Task statement
Within the records below is a range that opens at the line with "L’Open Day della" and closes at the line with "斜線 ボタン 配色 カラー ストライプ シャツ". Return that range word for word, both ends included, and only that range.

╭─ Data for this task

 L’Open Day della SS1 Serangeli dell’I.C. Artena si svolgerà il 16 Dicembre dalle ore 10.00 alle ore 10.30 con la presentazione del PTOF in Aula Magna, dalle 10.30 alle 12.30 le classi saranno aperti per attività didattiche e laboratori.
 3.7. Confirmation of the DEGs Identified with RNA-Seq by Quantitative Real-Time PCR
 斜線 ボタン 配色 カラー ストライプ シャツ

╰─
╭─ Data for this task

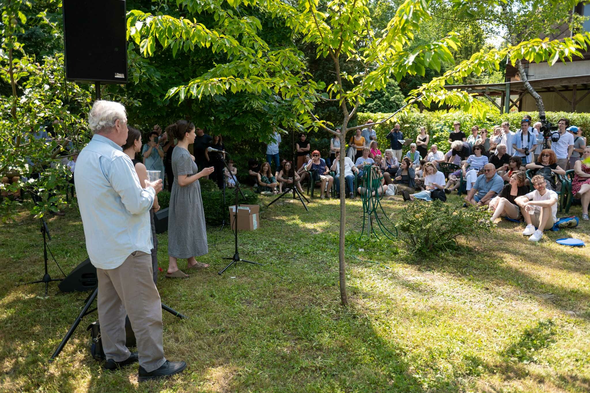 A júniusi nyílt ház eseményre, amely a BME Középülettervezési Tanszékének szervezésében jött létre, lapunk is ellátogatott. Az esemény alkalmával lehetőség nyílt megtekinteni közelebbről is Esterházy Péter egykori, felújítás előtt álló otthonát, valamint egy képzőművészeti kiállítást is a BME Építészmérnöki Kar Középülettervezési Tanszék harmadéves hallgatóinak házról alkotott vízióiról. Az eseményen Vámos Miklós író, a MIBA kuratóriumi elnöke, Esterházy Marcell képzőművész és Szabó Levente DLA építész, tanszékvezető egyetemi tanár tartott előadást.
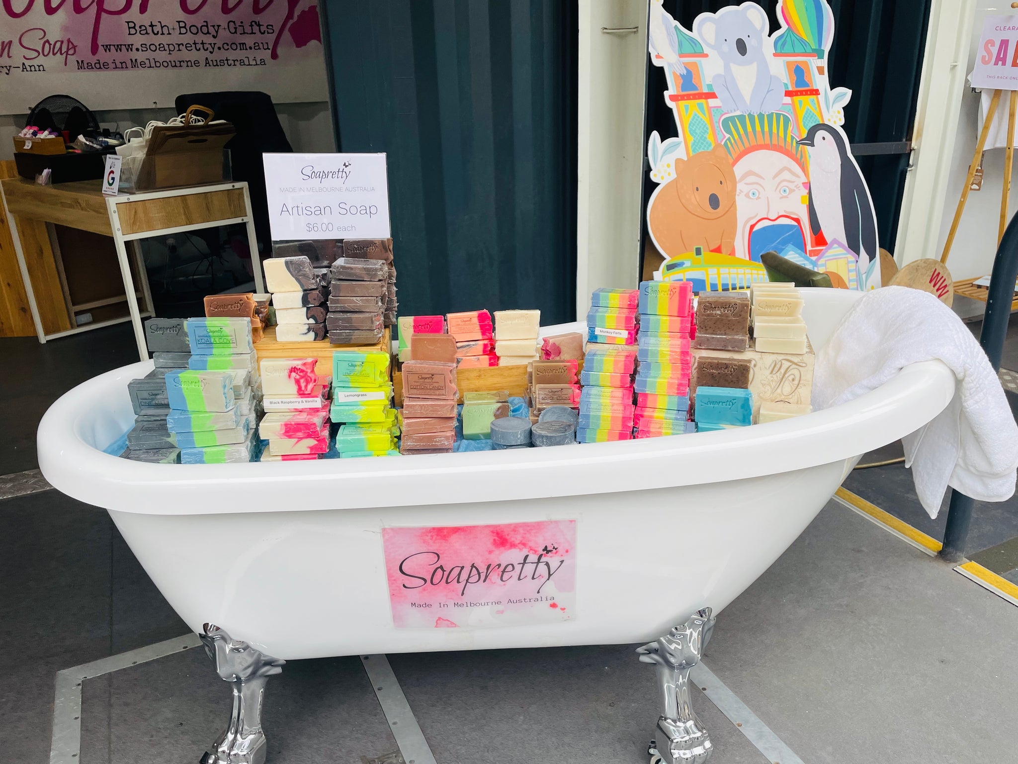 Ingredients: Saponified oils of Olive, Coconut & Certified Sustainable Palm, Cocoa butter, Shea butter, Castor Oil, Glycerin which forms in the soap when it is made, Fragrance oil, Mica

╰─

Response to this exercise
 L’Open Day della SS1 Serangeli dell’I.C. Artena si svolgerà il 16 Dicembre dalle ore 10.00 alle ore 10.30 con la presentazione del PTOF in Aula Magna, dalle 10.30 alle 12.30 le classi saranno aperti per attività didattiche e laboratori.
 3.7. Confirmation of the DEGs Identified with RNA-Seq by Quantitative Real-Time PCR
 斜線 ボタン 配色 カラー ストライプ シャツ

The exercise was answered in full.